__Exercise__: Skip the pictures. Set down, word for word, the lines from the start of the material up to and including the line with "Sound Teardown The".

__Provided data__:
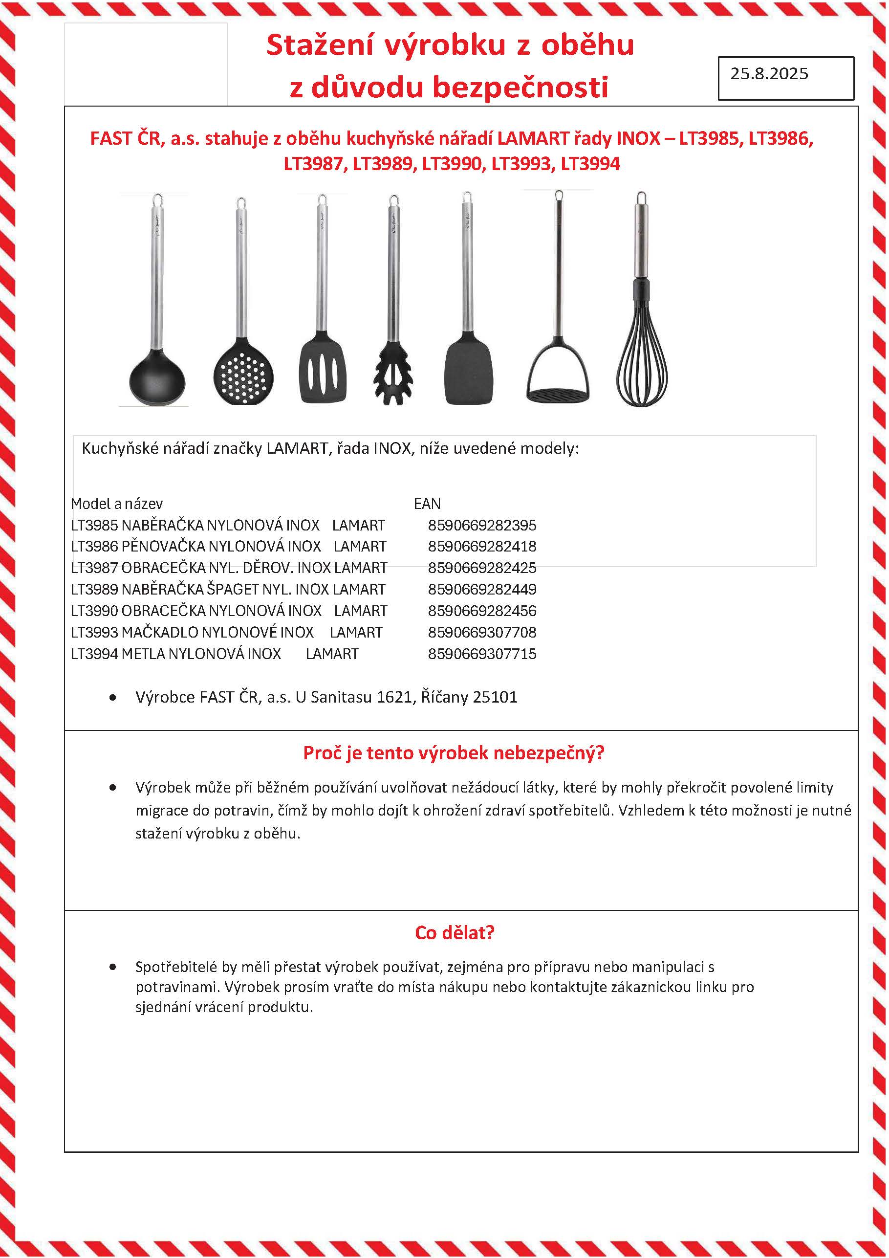 FAST ČR, a.s. stahuje z oběhu kuchyňské nářadí LAMART řady INOX – LT3985, LT3986,
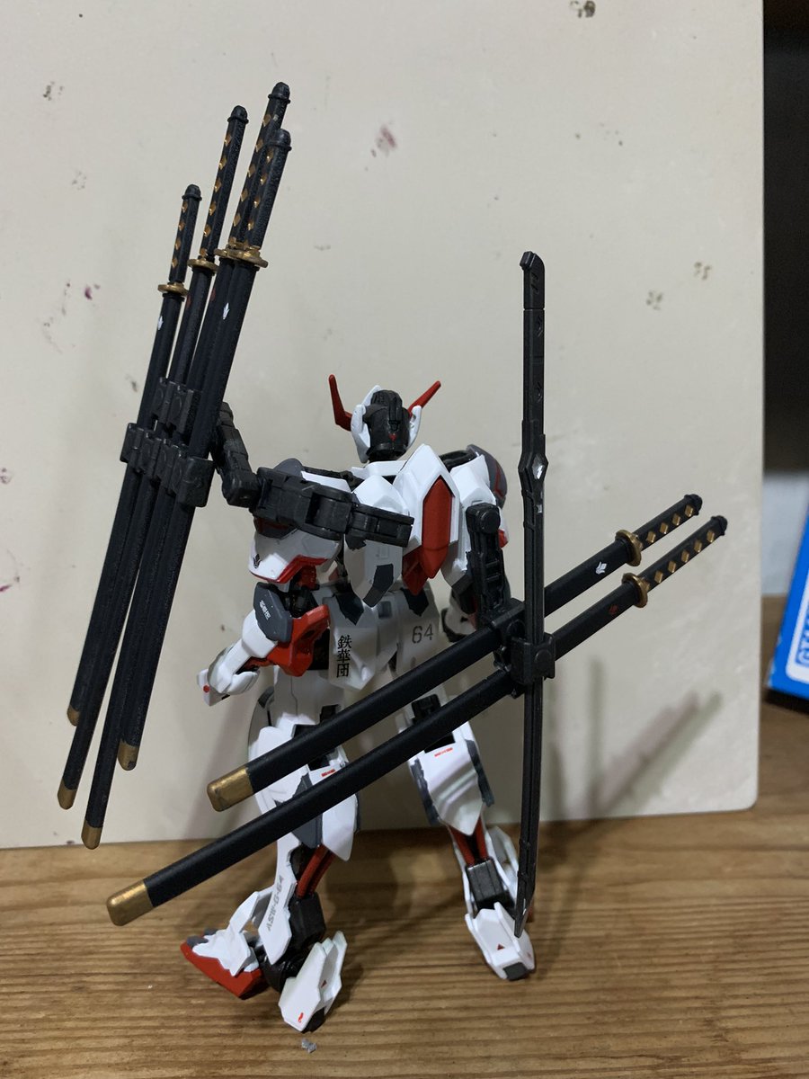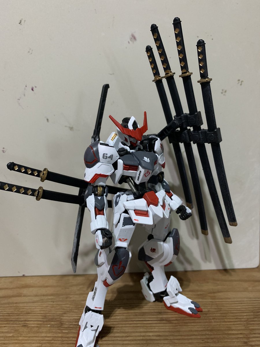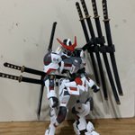 HGバルバトス改造 背中側の縦にマウントしてる太刀がメインウェポンで、他の刀は牽制で投げたり盾として扱う設定です。 腹部のフレームを切ってスプリングスに変えてみました。 #ガンプラ好きとつながりたい #ガンプラの画像を貼るとRTされると聞いて #ガンダムバルバトス
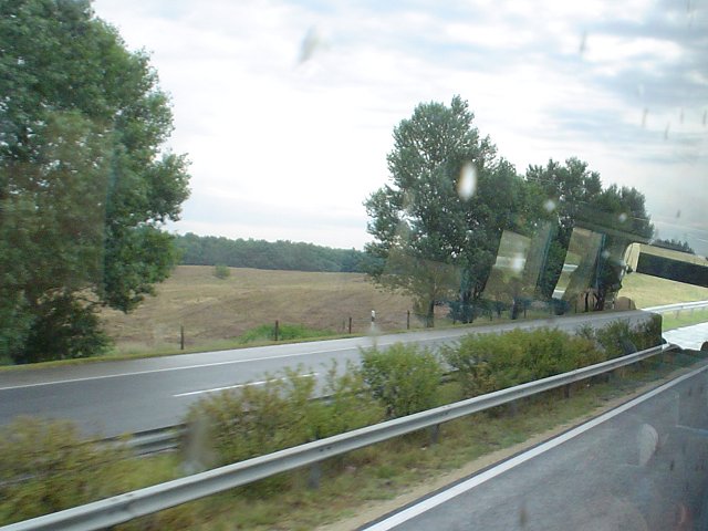 Sound Teardown The streets in Budapest are pretty narrow, and people park on the sidewalk and what-not. A SMART car in Budapest The chaperones on the trip were awesome - they ended up doing more than half of the sound equipment schlepping since everyone had their instruments to take care of. As we drive from Budapest to Vienna, we enjoy the Hungarian countryside, which is filled with fields of sunflowers.
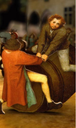 Peinte en 1560 par Pieter Brueghel l’Ancien, l’œuvre Les Jeux d’enfants représente 200 enfants jouant 91 jeux différents. Ici, les enfants peints se réapproprient l’œuvre et disent leur lassitude de sujets contraints à jouer pour l’éternité. Drôle, irrévérencieux, savant.
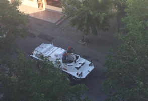 Ոստիկանականները զրահամեքենաներով փակել են ոստիկանության Էրեբունու բաժին տանող ճանապարհը։ Լրագրողներին էլ արգելում են նկարահանումներ կատարել:
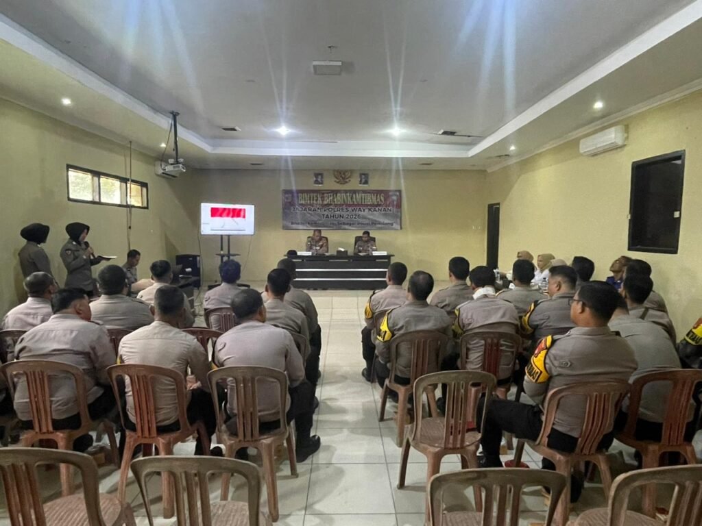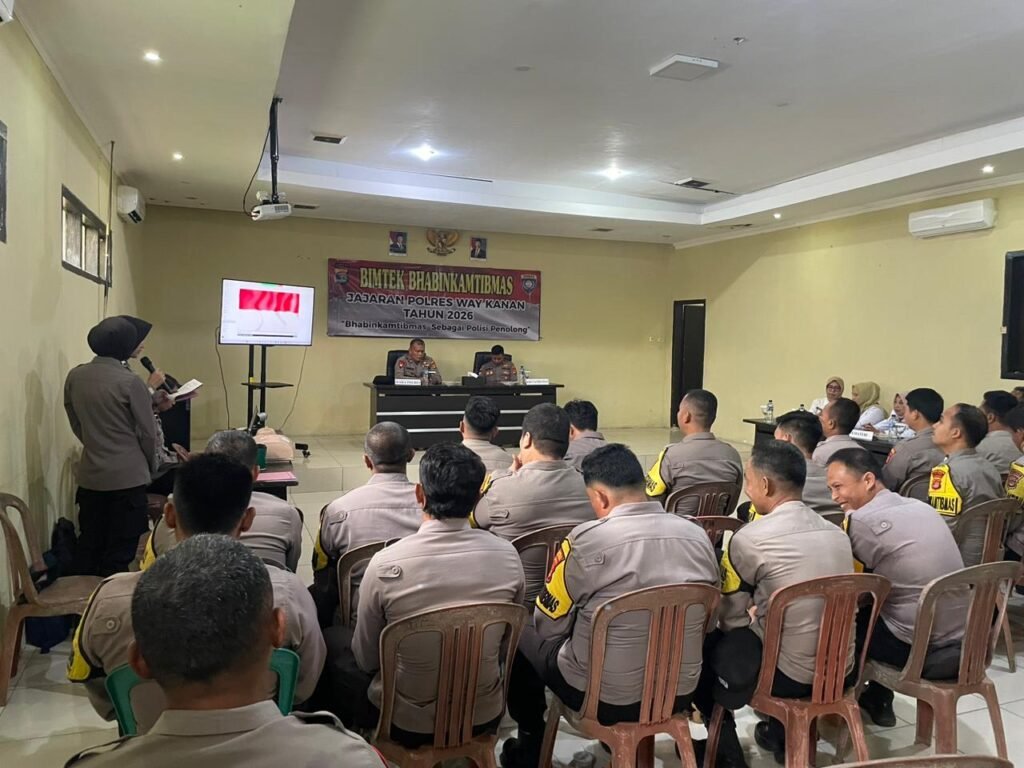 Waykanan,https://Kharismanews–Dalam meningkatkan kemampuan personel, khususnya Bhabinkamtibmas, Satbinmas Polres Way Kanan menggelar kegiatan pembinaan dan peningkatan kemampuan (Binkatpuan) yang berlangsung di Aula Adhi Pradhana Polres Way Kanan. Kamis (19/02/2026)
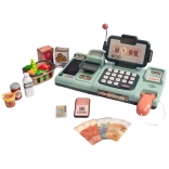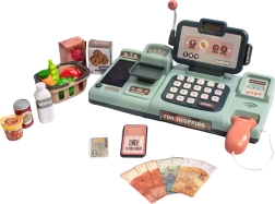 A készlet része a pénztár mérleggel, terminállal, számológéppel, szkennerrel és sok kiegészítővel, beleértve a játék okostelefont és különféle műanyag élelmiszereket.
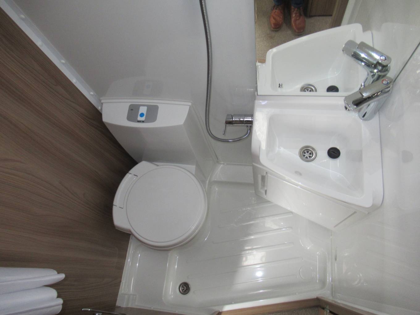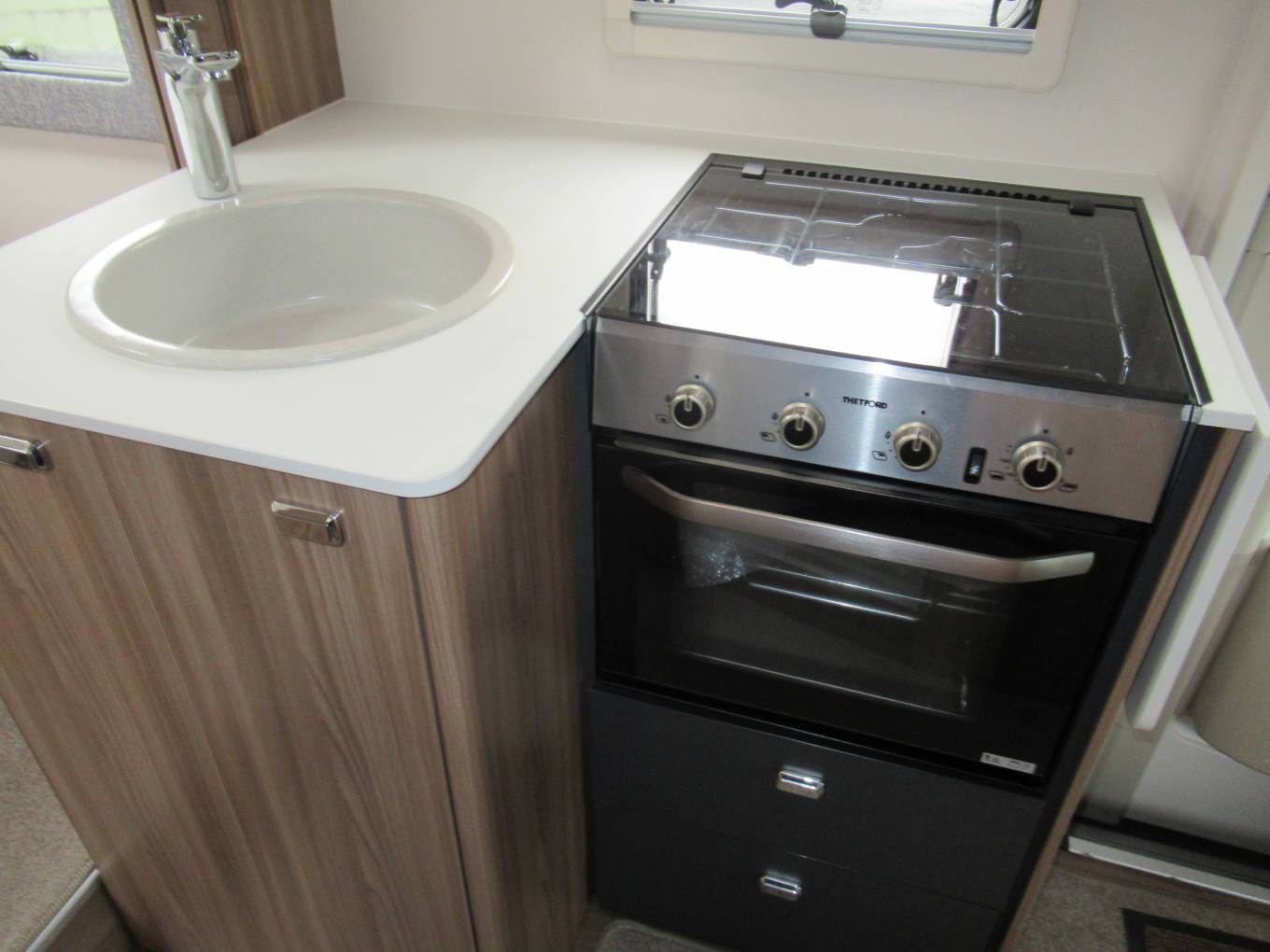 The modern Kitchen is well equipped and boasts a 3 burner gas hob, Thetford Combi Oven/Grill, Microwave, Sink and Dometic fridge with Integral Freezer.
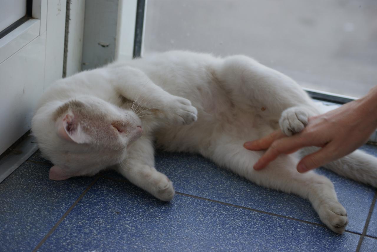 Белый он только формально. Улица оставила свой след слоем пыли, благодаря чему он стал серым. Но Белый не забыл что он домашний кот. Все так же ластится к людям, кот.его кормят, без проблем идет на руки и спокойно залезает в переноску - как будто всю жизнь в ней сидел. Ну, в общем, все признаки бывшедомашнего жителя - на лицо, дворовые так себя не ведут.
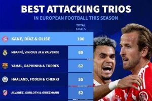 24直播网4月29日讯 拜仁在本轮欧冠客场4-5不敌巴黎,三叉戟各进一球。数据统计显示,拜仁三叉戟本赛季各项赛事总进球数是五大联赛各队三人组最多。
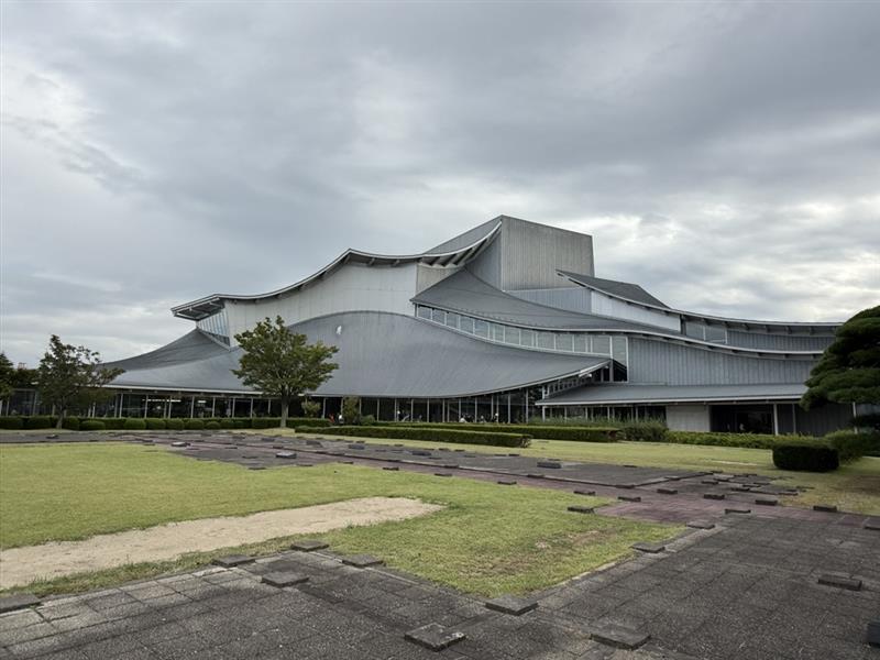 曲面屋根が不定形の矩形プランの四方から片流れで立ち上がり、高さのあるホールを包む丘のような城のような景観を創出。
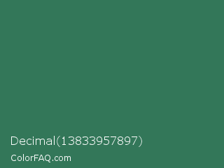 Decimal 13833957897 Color is a normal green color and the nearest color is Amazon #3b7a57. Hex code #337759 and RGB value is rgb(51,119,89). In RGB color space, this color is composed of 20% red, 47% green, 35% blue, In CMYK color space, this color is composed of 57% cyan, 0% magenta, 25% yellow , 53% black , In HSL color space, this color has a hue angle of 154° , 40% saturation and 33% lightness.
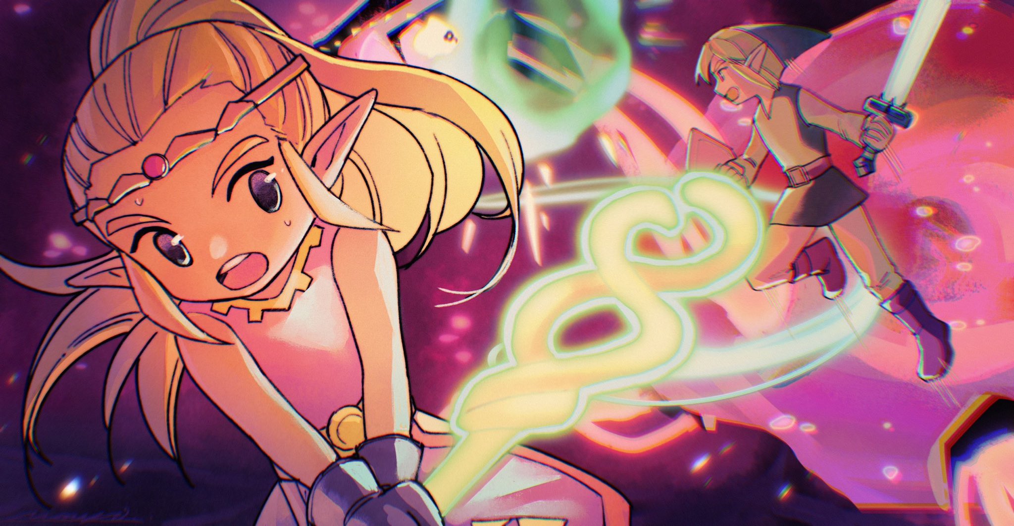 1boy1girlbare shouldersbattleblonde hairblue eyesblue glovesbootsbrown bootscircletgemglovesgold necklaceholdingholding shieldholding staffholding swordholding weaponjewelrylong hairnecklaceopen mouthpantsphrygian cappink shirtpointy earsponytailred gemstoneshieldshirtshort hairsleevelesssleeveless shirtstaffsweatdropswordtunicweaponwhite pantswhite shirt
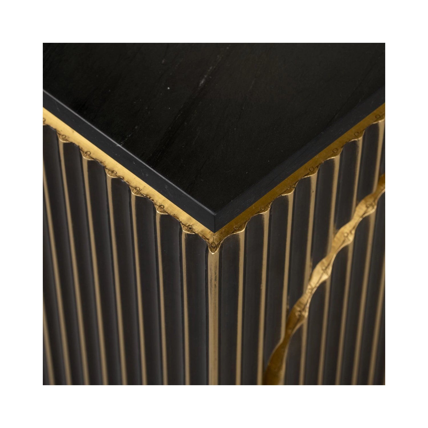 Nachttisch Les Arcs aus Marine-Marmor und Messing in brushed gold, 50x43x60 cm
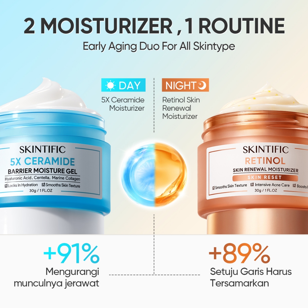 SKINTIFIC - Day Cream Night Cream 377 Dark Spot + Retinol Skin Renewal Moisturizer 30g | Pelembab Wajah Serum Wajah
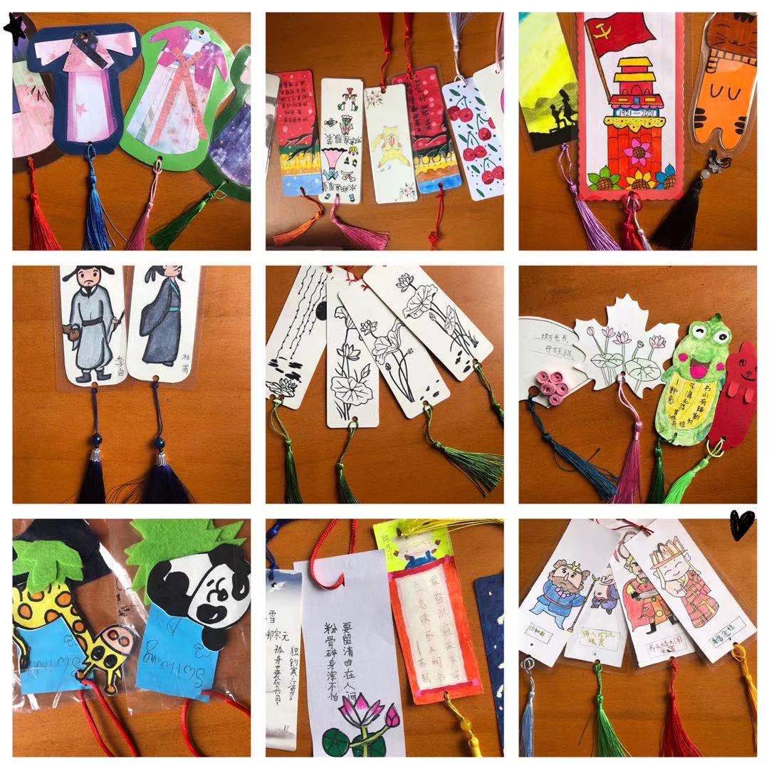 书签制作 制作书签,是一件有意义的是事。孩子们在美术老师的指导下,孩子们充分发挥自己的想象力和艺术才能,构思画图,在家长的帮助下,一张张充满奇思妙想的精美书签制作成功了。在班级里展览一下,比一比,你的好看还是我的精美;把它放在书页里夹一夹,不错,挺好用;再推荐几份优秀的参加学校里的评比,获得不错的成绩,好棒!

__Answer to this problem__:
 FAST ČR, a.s. stahuje z oběhu kuchyňské nářadí LAMART řady INOX – LT3985, LT3986,
 HGバルバトス改造 背中側の縦にマウントしてる太刀がメインウェポンで、他の刀は牽制で投げたり盾として扱う設定です。 腹部のフレームを切ってスプリングスに変えてみました。 #ガンプラ好きとつながりたい #ガンプラの画像を貼るとRTされると聞いて #ガンダムバルバトス
 Sound Teardown The streets in Budapest are pretty narrow, and people park on the sidewalk and what-not. A SMART car in Budapest The chaperones on the trip were awesome - they ended up doing more than half of the sound equipment schlepping since everyone had their instruments to take care of. As we drive from Budapest to Vienna, we enjoy the Hungarian countryside, which is filled with fields of sunflowers.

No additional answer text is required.